Willis replies to Nolene:
“You still don’t get it. Yes, the cuts will save “hundreds of billions of dollars” over the next decade. If you save $40 billion a year for ten years you get hundreds of billions in savings.
“But if the existing budget deficit continues over the next decade, it will add, not hundreds of billions, but tens of thousands of billions to the debt.
“It’s just crumbs on the pie, Noelene, whether you look at one year or ten years. The problem is the huge overspending.”

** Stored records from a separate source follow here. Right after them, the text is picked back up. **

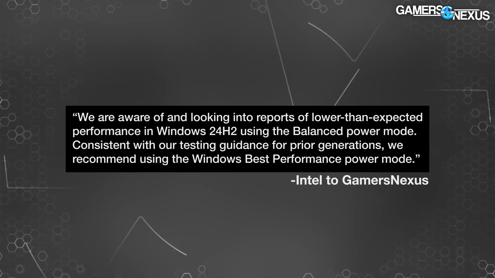 Additionally, Intel sent a statement about power profiles where balanced power on 24H2 results in uncharacteristically bad performance. We test with high performance except where we’re specifically required to use balance in some X3D situations so this didn’t affect us but does represent one of Intel’s launch problems.
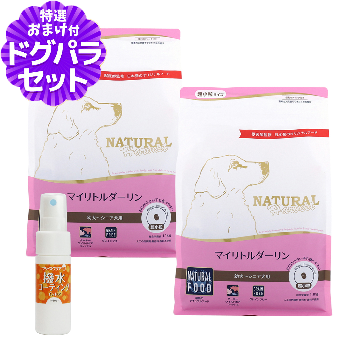 (順次パッケージ変更)ナチュラルハーベスト マイリトルダーリン 1.1kg×2袋+撥水コーティングインドア(水回り用) 20mlナチュラルハーベストの解説ナチュラルハーベストは、日本特有の気候や環境を考えて、日本に住む犬の為に設計された日本発オリジナルドッグフード。遺伝子組み換え作物を使用せず、アレルギーになりにくいとされる肉類をできるだけ主要たんぱく質にするなど、栄養学に基づいて原材料を取り入れているプレミアムドッグフードです。ナチュラルハーベスト マイリトルダーリン の詳細対象幼犬・成犬・シニア犬用ナチュラルハーベスト プライムフォーミュラ マイリトルダーリン について■最高のナチュラルフード栄養バランスは本来、様々な食材を組み合わせることで整います。微量なビタミンやミネラルも出来る限り添加せず、食材のもつ栄養素で作り上げた総合栄養食です。■ターキー・ワイルドボア・フィッシュ動物系のワイルドボア(イノシシ)とポーク、家禽系のターキーとチキン、魚系のメンハーデン、種類の異なるたんぱく質を組み合わせることでアミノ酸バランスの向上と飽きのこないおいしさに。■グレインフリー様々な炭水化物の中でも消化性の高いポテトを採用しました。穀類の消化が苦手な子に配慮したグレインフリーフードです。 ¥7,920 |
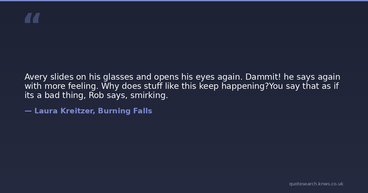 Avery slides on his glasses and opens his eyes again. Dammit! he says again with more feeling. Why does stuff like this keep happening?You say that as if its a bad thing, Rob says, smirking.
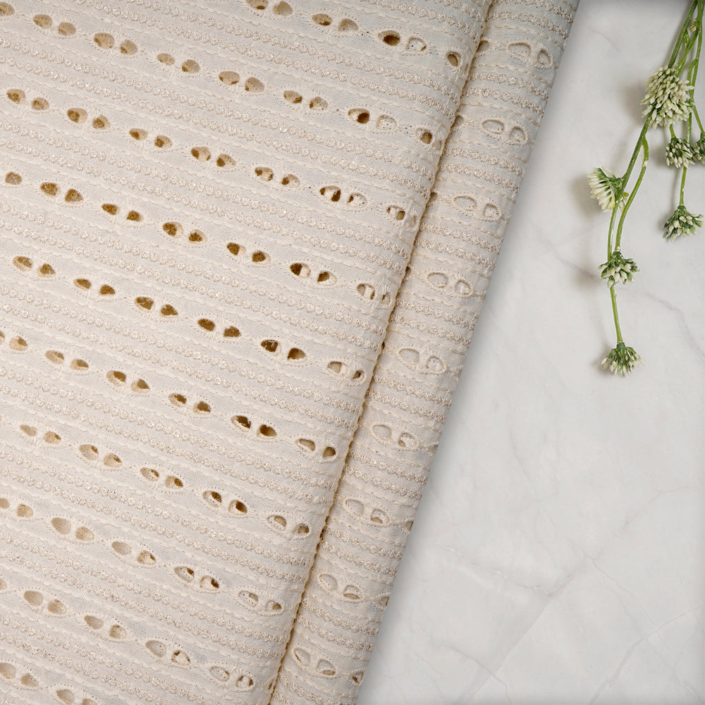 (Pre-Cut 3.10 Mtr)Off White Color Embroidered Cotton Fabric

All the hoopla over the paltry $38 billion cut from the bloated Obama budget was about a mere drop in the bucket. We need to cut $trillions, not $billions.
Obama/Pelosi/Reid have tripled the budget deficit. By simply rescinding that spending increase, the country would be in pretty good shape compared to the rest of the world. The ramrodding through of such enormous spending, without allowing Representatives to read and debate the thousands of pages of the bill was nothing short of gangsterism.

April 11, 2011 8:01 am

How about we cut everything not explicitly authorized by the Constitution?
The Constitution – remember? That document some guys wrote ages ago to lay out the powers and obligations of the Federal Government?
We’ve gotten so far off I don’t think anybody has any idea what Constitutional Government actually looks like anymore.
And btw, ‘blame bush’ was old years ago, and it’s quite pathetic at this point. The problems go back farther than him.

DesertYote
April 11, 2011 9:14 am

L
April 8, 2011 at 11:36 pm
Mr. Walton, what do you mean “Democrats” and “progressives”? Last time I looked they were both Marx’ kids- and I don’t mean Groucho’s.
###
A Marxist by any other name will still smell just as vile.
And the demoncratic party is not the only one with progressives. The GOP has its share.
Imperialist == Fascist == Marxist == Gaiast == socialist != Freedom

DesertYote
April 11, 2011 9:17 am

#
Kozlowski says:
April 11, 2011 at 12:26 am
If memory serves me, all of our federal expenditures were met with one tax and only one tax until the presidency of Andrew Jackson. That was a US Customs tariff. Even the war against the barbary pirates (our first war after independence) was fought on a shoe string.
###
Do you know why the Democratic part was created?

Marion
April 12, 2011 1:45 am

Re: #Smokey says:
April 11, 2011 at 5:19 am
“The ramrodding through of such enormous spending, without allowing Representatives to read and debate the thousands of pages of the bill was nothing short of gangsterism”.
And these are exactly the sort of tactics deployed in the EU particularly where the Lisbon Treaty was concerned. Bureaucrats pulling the political strings.